Due to widespread use of these advanced therapeutic approaches, knowledge of these complex cutting-edge treatments is essential to properly assess treatment response and guide subsequent clinical decisions.

Definitions

There is no clear evidence nor consensus on the distinction between pseudoprogression and radionecrosis, probably because of the paucity of histopathological data, difficulties in assessing the correct histological diagnosis, given the frequent ‘mixed’ pattern with tumor remnants and radiation-induced tissue changes in biopsy samples [20], and the absence of large-scale, harmonized, multicenter, prospective researches.

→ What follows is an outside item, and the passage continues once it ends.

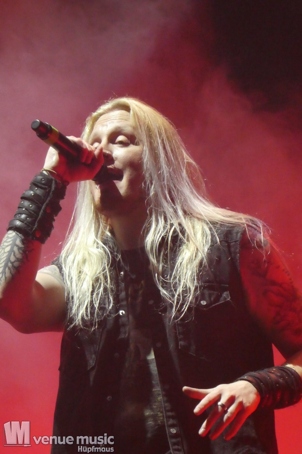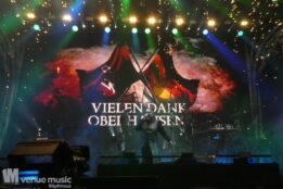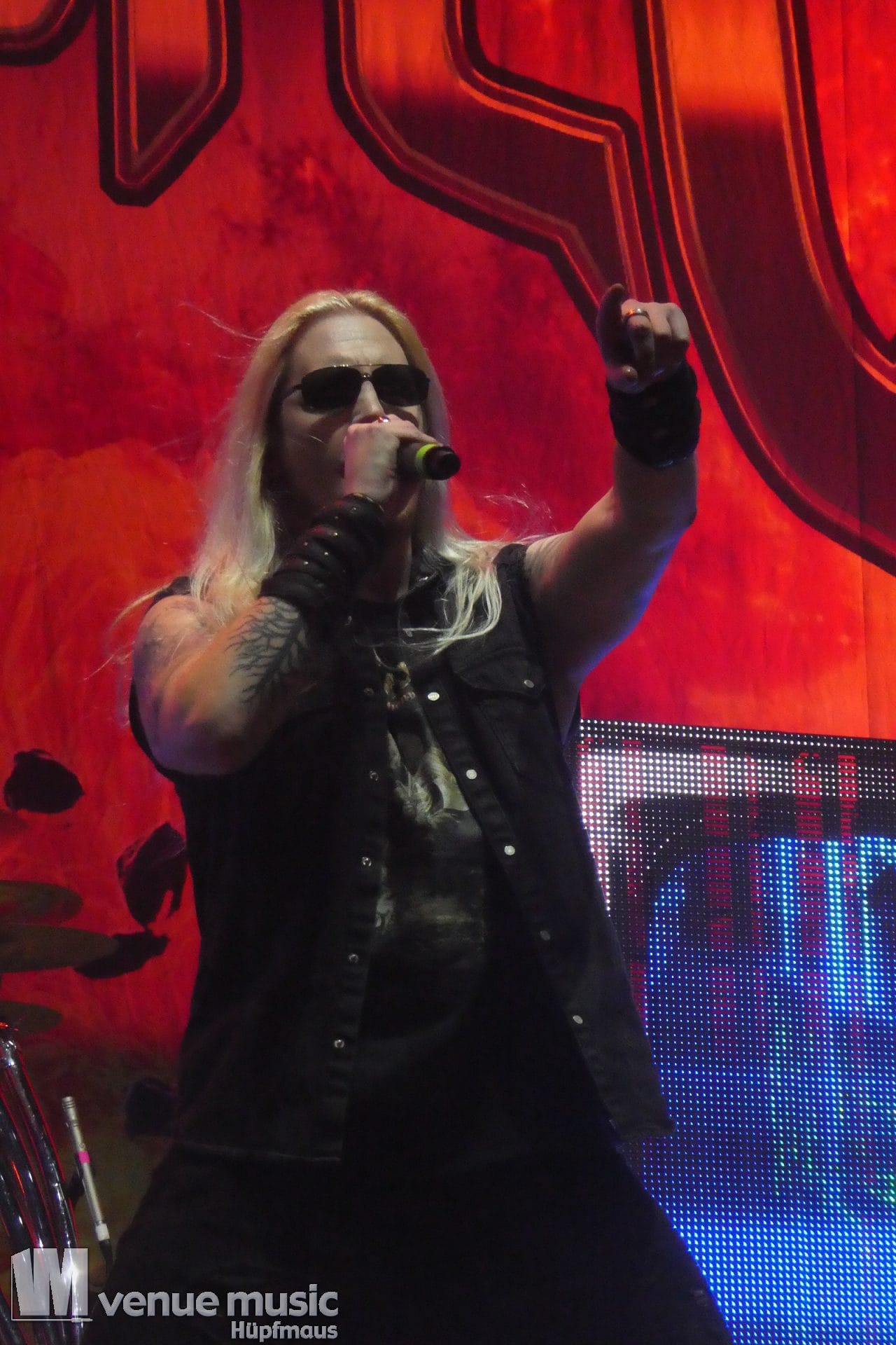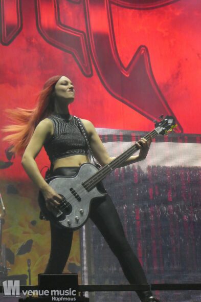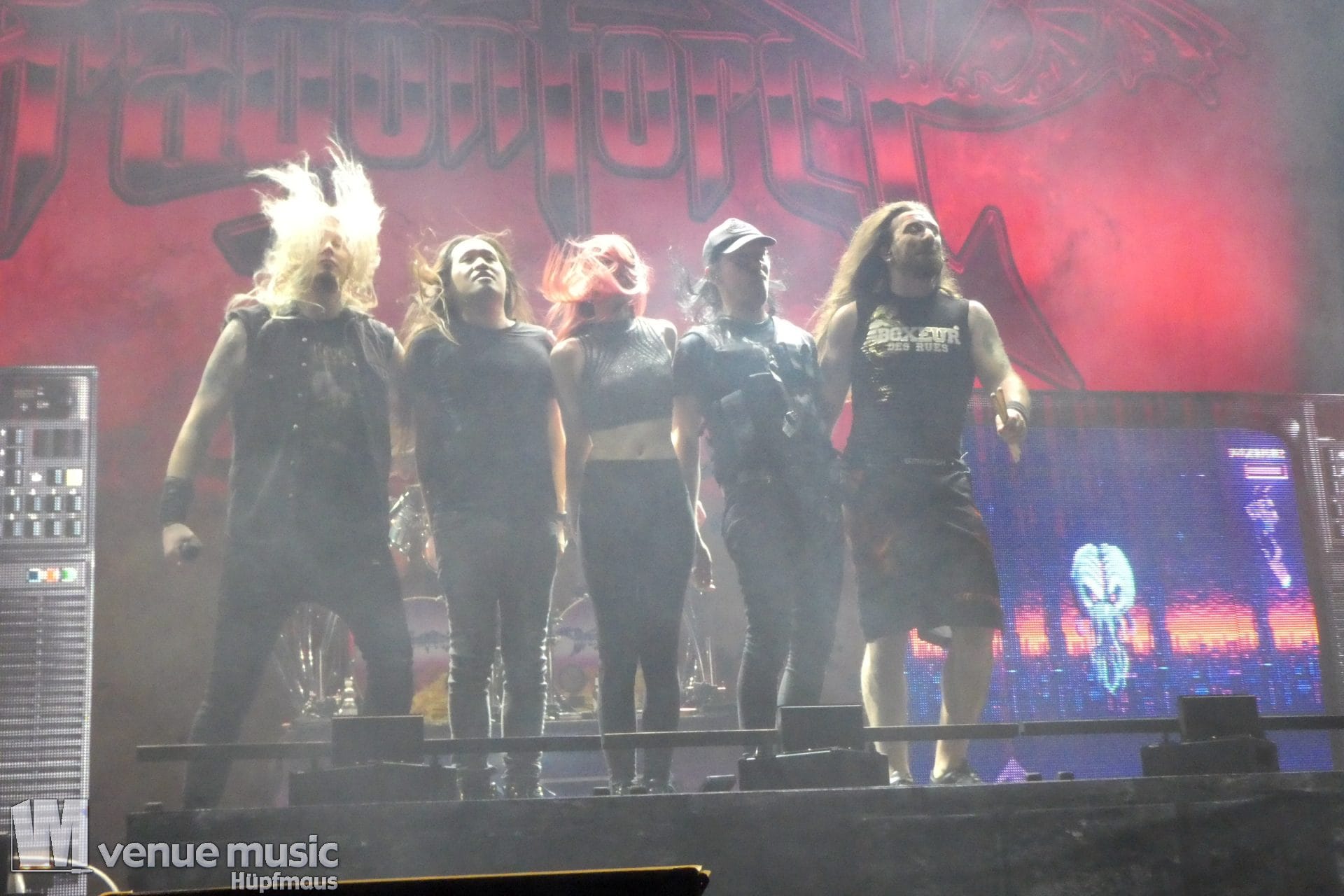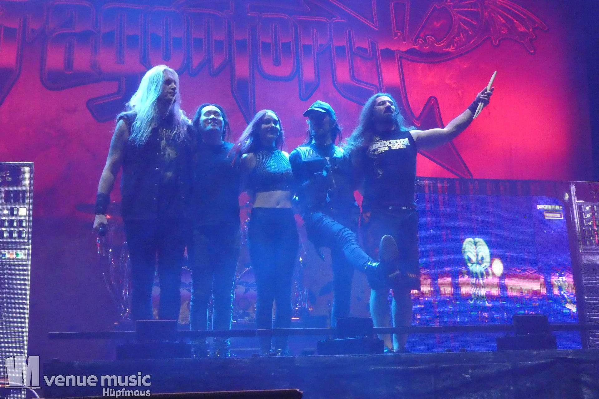 Dragonfoce hatte ich zuletzte vor ewigen Jahren gesehen und war komplett verdutzt, als der Sänger auf die Bühne kam – kannte ich doch noch ZP Theart am Mikro. Der Unterschied ist doch riesig ;) zumindest optisch… aber stimmungsmäßig ging es genau so gut ab wie damals und die Bühnendeko ist ziemlich cool. So sind die Mitglieder von Dragonforce Gamer und genau so wurde die Bühne gestaltet: mit Daddelautomaten als Podeste, auf denen „Spiele“ liefen, in denen die Band selbst als Character zu sehen war. Alleine das war es schon wert, den Auftritt zu sehen. Und dann noch die Energie auf der Bühne – das war megagenial!

Pseudoprogression and radionecrosis are radiologically defined by a new or enlarging area(s) in the radiation field that resolves without treatment modification. When images of radiation-induced lesions appear shortly after the end of radiotherapy (within the first 6 months for most of the studies [8,21,22], whereas others only consider the first 2 [23] or 3 months [24,25]), the term pseudoprogression is preferred, especially in the context of diffuse glioma. On the contrary, radionecrosis emerges at a later stage (from around 6 months to several years) [8,26].

Mechanism

Pathologically, no clear boundaries separate these two entities as the physiopathology of the radio-induced lesion is dynamic [27,28]. Pseudoprogression is probably an expression of early delayed brain injury and is dominated by vascular damage (i.e. vasodilation and increased capillary permeability), resulting in vasogenic edema that normally resolves spontaneously, and is often associated with transient demyelination [29]. Conversely, radionecrosis is part of late delayed brain injury and is characterized by a mixture of vascular endothelial damage and demyelination lesions, followed by neuronal death, and often does not recede [24].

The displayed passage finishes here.